In-flight blood transfusions increase survival rates and improve trauma patient outcomes

Feb. 12, 2015

Air-lifted trauma victims who received blood transfusions in the helicopter before arriving at a trauma center had higher one-day survival rates and less chance of shock than air-lifted patients who did not receive blood transfusions until they arrived at the trauma unit, according to study findings published online in the Journal of the American College of Surgeons.

The researchers evaluated the air medical evacuation strategy at the University of Pittsburgh Medical Center (UPMC), which has a network of 18 helicopter bases in Pennsylvania, Ohio, and Maryland. It is the largest study to date of a civilian in-flight trauma resuscitation protocol that has been used by the military in Iraq and Afghanistan.

The STAT MedEvac helicopter teams at UPMC have been carrying blood for transfusion on their flights for about two decades, but this is the first study that evaluated the use of transfused blood in civilian trauma victims air-evacuated directly from the injury scene and compared them with air-evacuated trauma victims who did not receive transfused blood.

Hemorrhage is the leading cause of death in trauma victims. Early transfusions of red blood cells have been known to reduce the chance of death, and the use of transfusions before trauma victims arrive at the trauma center has been growing. The study aimed to determine if pre-trauma center blood transfusions were indeed associated with improved outcomes. During a five-year period ending in 2012, 240 patients who received in-flight transfusions were evaluated in comparison with 480 who did not receive blood until they arrived at the hospital.

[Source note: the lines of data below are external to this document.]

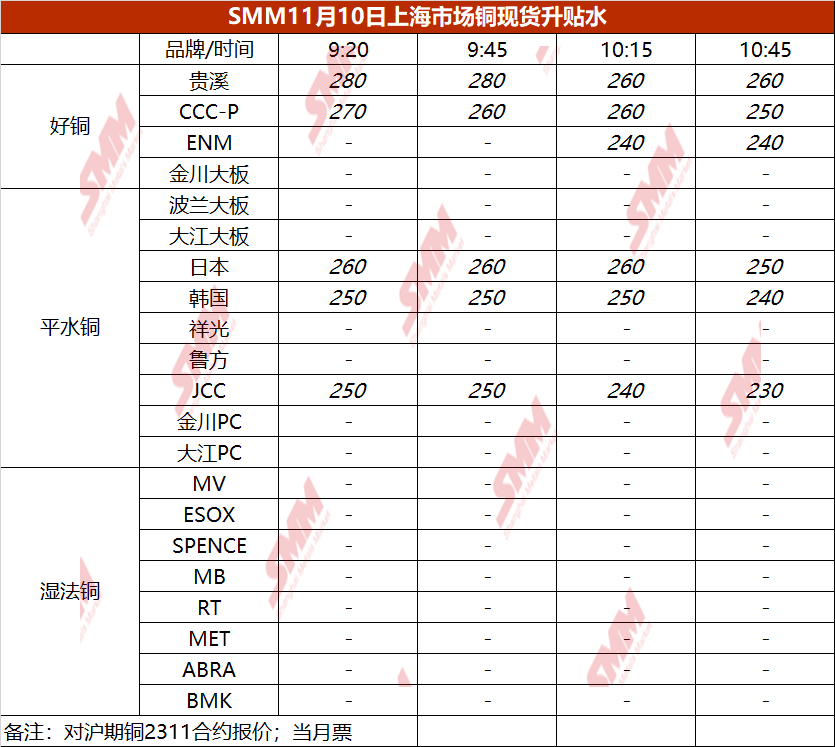 11月10日上海市场铜现货升贴水(第四时段)【SMM价格】
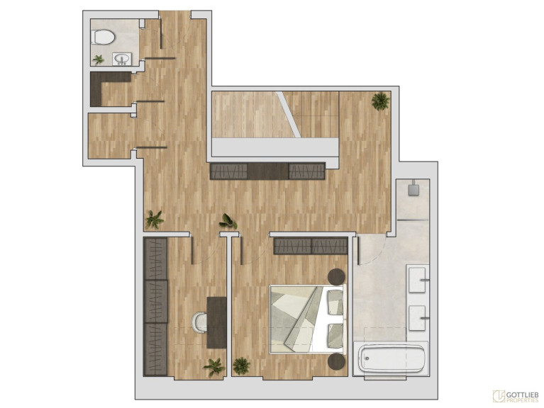 + ca. 8,78 m² Tageslicht-Wannenbad mit separater Dusche und Doppelwaschbecken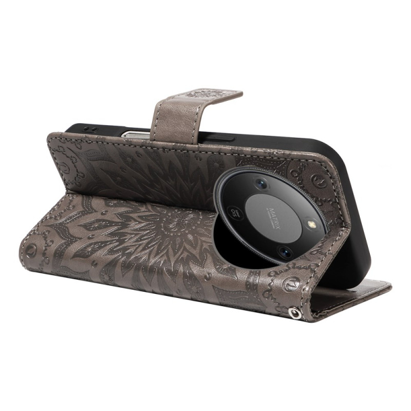Étui portefeuille élégant en cuir PU premium avec motif tournesol 3D imprimé. Comprend deux emplacements pour cartes, un compartiment latéral, une fonction support mains-libres et une dragonne pratique pour une protection complète et stylée.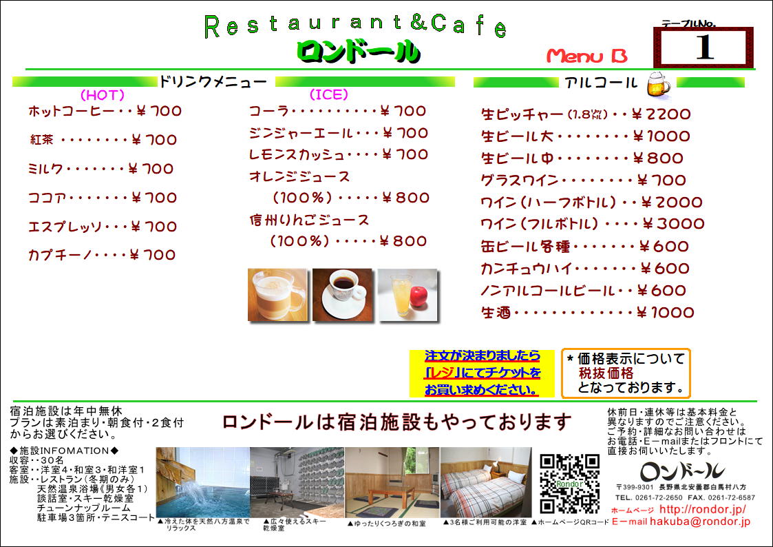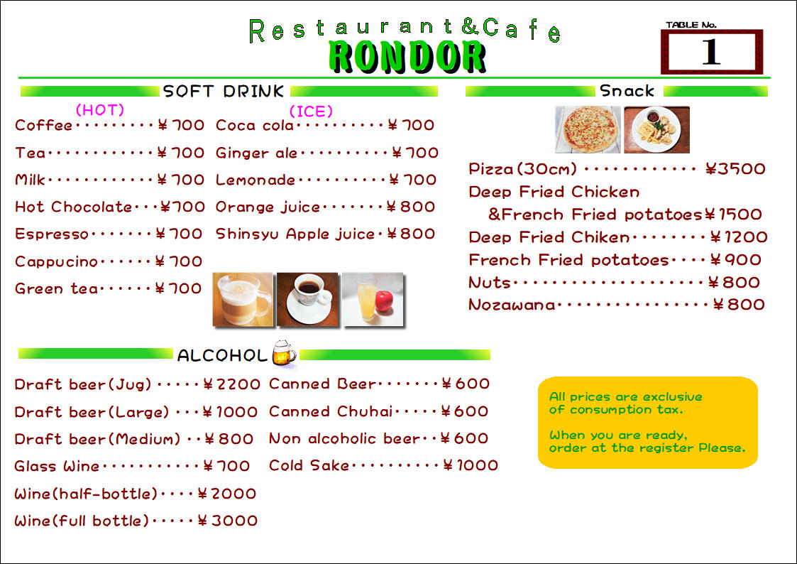 Drink menu(English)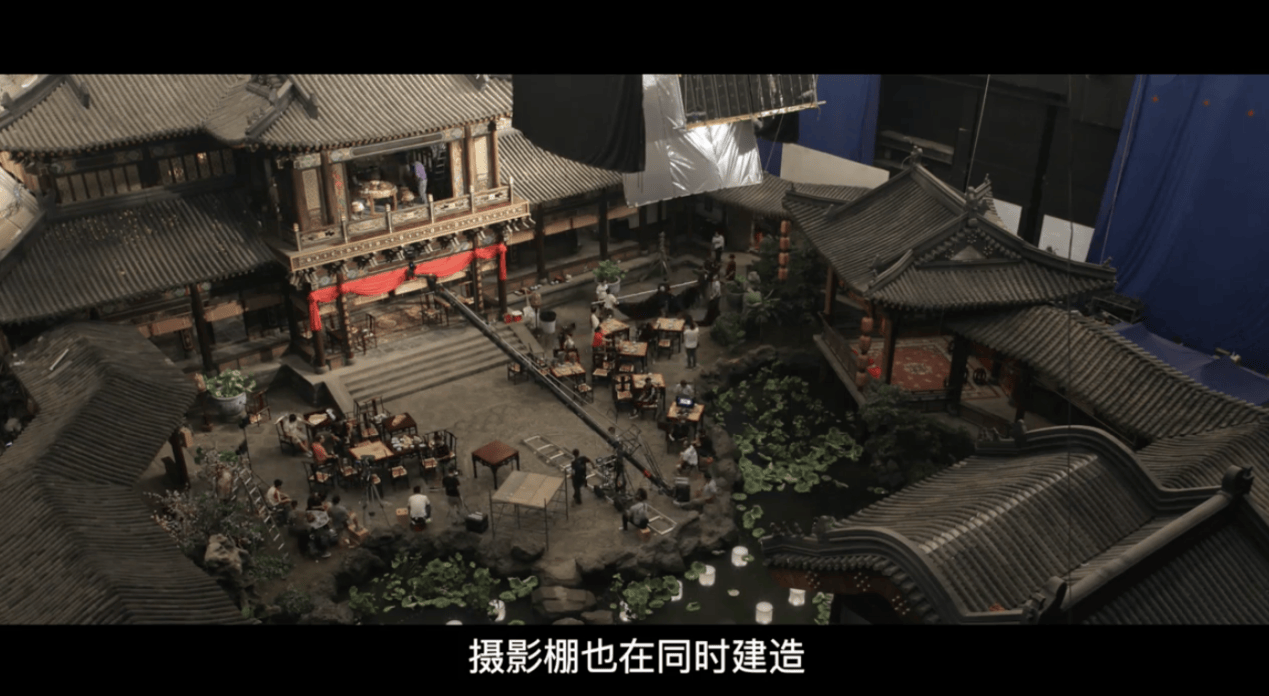 剧组在大观园的建造置景方面投入巨大精力,建造了包括怡红院、潇湘馆、沁芳闸桥、省亲别墅等庭院楼阁40余处。在刻画楼体细节上,还原了传统建筑的榫卯结构;园林景物精雕细琢,采用落叶与灰尘营造真实质感;各类门窗使用特制中式红漆进行喷绘,呈现极致东方色彩美学。

The UPMC protocol involves giving guidelines to paramedics and nurses onboard flights on when to administer the transfusions. All the STAT MedEvac flights at the institution carry two units of red blood cells for transfusion. Helicopter staff can communicate with the medical command doctor at the trauma center to get the go-ahead order to give blood to patients who may not meet the guidelines for transfusion but still may benefit from receiving it.